Swahili Topic Classifier - Multi-label Classification
Model Details
Model Description
A multi-label text classification model fine-tuned on RoBERTa-base Wechsel Swahili for classifying Swahili text into 8 predefined topics. The model can identify multiple applicable topics for a given text, providing confidence scores for each topic.
- Developed by: NeboTech
- Model type: Transformer-based (RoBERTa)
- Language(s): Swahili (Kiswahili)
- License: Apache 2.0
- Finetuned from: RoBERTa-base Wechsel Swahili
- Model version: v2.0 (Multi-label Classification)
Model Architecture
- Base Model: RoBERTa-base Wechsel Swahili
- Task: Multi-label Sequence Classification
- Problem Type:
multi_label_classification - Number of Labels: 8
- Activation Function: Sigmoid (for multi-label)
- Loss Function: BCEWithLogitsLoss
- Output Format: Binary vectors [batch_size, num_labels]
Model Variants
- v2.0 (Current): Multi-label classification - Returns multiple topics with confidence scores
- v1.0 (Legacy): Single-label classification - Returns single topic (available at
revision="v1.0-single-label")
Intended Use
Primary Use Cases
- Content Classification: Categorize Swahili text messages, reports, or documents
- Case Management: Automatically tag and route cases to appropriate departments
- Content Moderation: Identify topics requiring attention (e.g., health emergencies, violence)
- Data Analytics: Analyze trends and patterns in Swahili text data
- Information Routing: Direct messages to relevant stakeholders based on topics
Out-of-Scope Uses
- Not suitable for: Languages other than Swahili
- Not suitable for: Very short text (< 5 words) or very long text (> 512 tokens)

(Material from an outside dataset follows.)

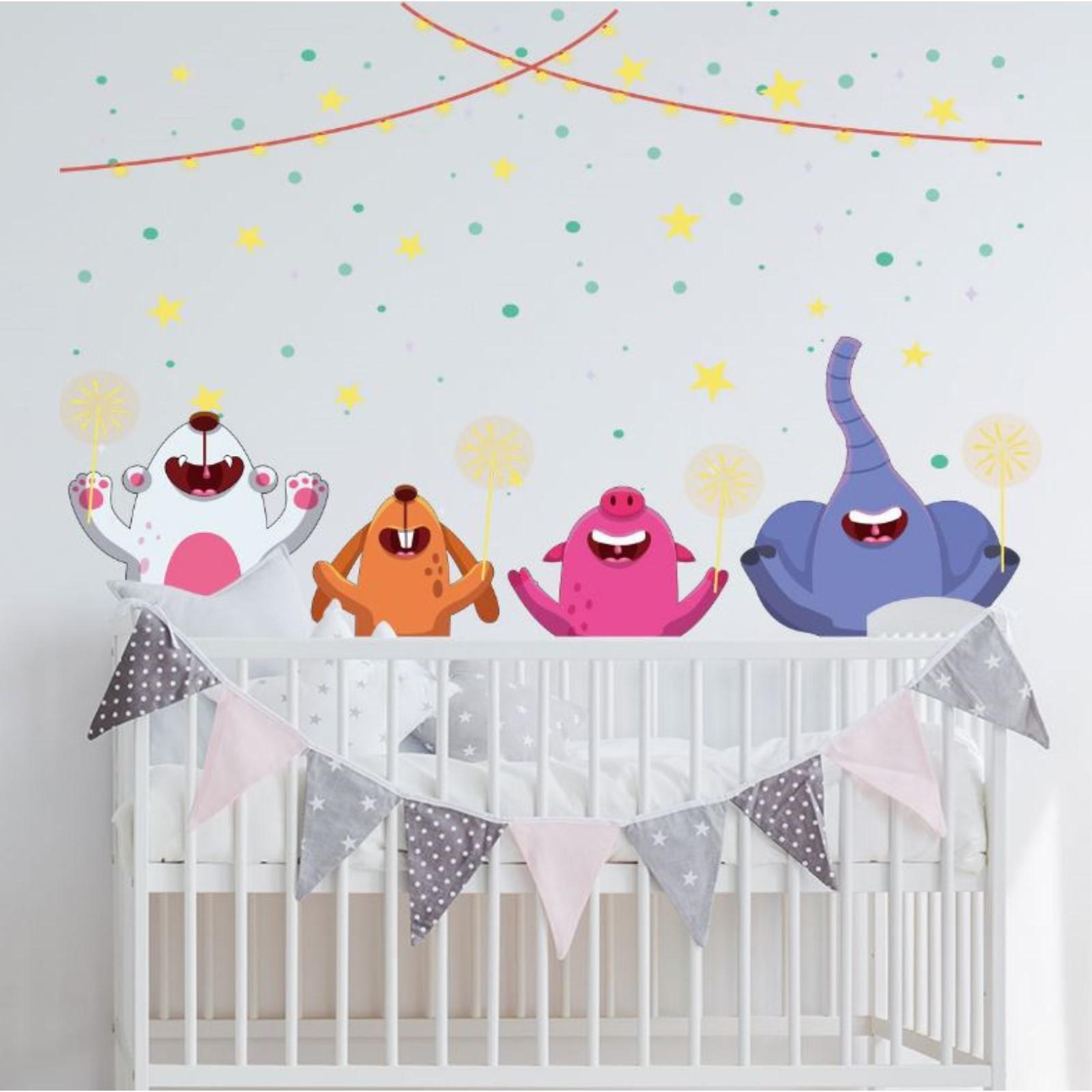 Наклейка пластик интерьерная цветная "Звери - веселье" 50х70 см

- Not suitable for: Real-time critical decision making without human oversight
- Not suitable for: Medical diagnosis or legal advice
Training Details
Training Data
- Dataset: Custom Swahili text dataset
- Language: Swahili (Kiswahili)
- Data Collection: U-Report platform messages and related Swahili text
- Preprocessing: Text cleaning, normalization, and tokenization
- Data Balance: Dataset balanced across 8 topics
Training Procedure
- Training Type: Fine-tuning from pre-trained RoBERTa-base Wechsel Swahili
- Optimizer: AdamW
- Learning Rate: 2e-5
- Batch Size: Variable (with gradient accumulation)
- Epochs: 3
- Gradient Accumulation: 4 steps
- Weight Decay: 0.01
- Mixed Precision: Enabled (FP16)
- Early Stopping: Enabled (patience=2)
Training Hyperparametersl
learning_rate: 2e-5 per_device_train_batch_size: 4 gradient_accumulation_steps: 4 num_train_epochs: 3 weight_decay: 0.01 warmup_steps: 0 max_grad_norm: 1.0 fp16: true## Evaluation
Testing Data, Factors & Metrics
- Evaluation Dataset: Held-out test set from balanced dataset
- Evaluation Metrics:
- F1 Score (Micro): Aggregated across all labels
- F1 Score (Macro): Average per-label F1
- F1 Score (Samples): Average per-sample F1
- Precision (Micro/Macro): Classification precision
- Recall (Micro/Macro): Classification recall
- Hamming Loss: Fraction of incorrectly predicted labels
- Subset Accuracy: Exact match accuracy
Results
| Metric | Score |
|---|---|
| F1 Score (Micro) | 0.96 |
| F1 Score (Macro) | 0.96 |
| F1 Score (Samples) | 0.96 |
| Precision (Micro) | 0.96 |
| Recall (Micro) | 0.96 |
| Hamming Loss | 0.009054 |
| Subset Accuracy | 0.962 |
Model Performance Characteristics
Strengths
- Multi-label Capability: Can identify multiple topics in a single text
- Confidence Scores: Provides probability scores for each topic
- Swahili Language Support: Specifically fine-tuned for Swahili text
- Efficient Inference: ONNX format available for fast CPU inference
- Balanced Performance: Trained on balanced dataset across all topics
Limitations
- Language Specific: Only works with Swahili text
- Topic Coverage: Limited to 8 predefined topics
- Context Dependency: Performance may vary with text length and context
- Dialect Variations: May not handle all Swahili dialects equally well
- Threshold Sensitivity: Requires careful threshold tuning for optimal performance
Known Biases
- Training Data Bias: Model reflects biases present in training data
- Geographic Bias: May perform better on texts from regions in training data
- Topic Imbalance: Some topics may have better representation in training data
- Cultural Context: May not capture all cultural nuances in Swahili communication
How to Get Started with the Model
Using Transformers (PyTorch)
from transformers import AutoModelForSequenceClassification, AutoTokenizer import torch
Load model
model = AutoModelForSequenceClassification.from_pretrained( "NeboTech/swahili-text-classifier", problem_type="multi_label_classification" # CRITICAL for multi-label ) tokenizer = AutoTokenizer.from_pretrained("NeboTech/swahili-text-classifier")
Prepare input
text = "Nataka kujua dalili za COVID-19 na jinsi ya kujilinda" inputs = tokenizer(text, return_tensors="pt", padding=True, truncation=True, max_length=256)
Get predictions
model.eval() with torch.no_grad(): outputs = model(**inputs) logits = outputs.logits # Shape: [1, 8]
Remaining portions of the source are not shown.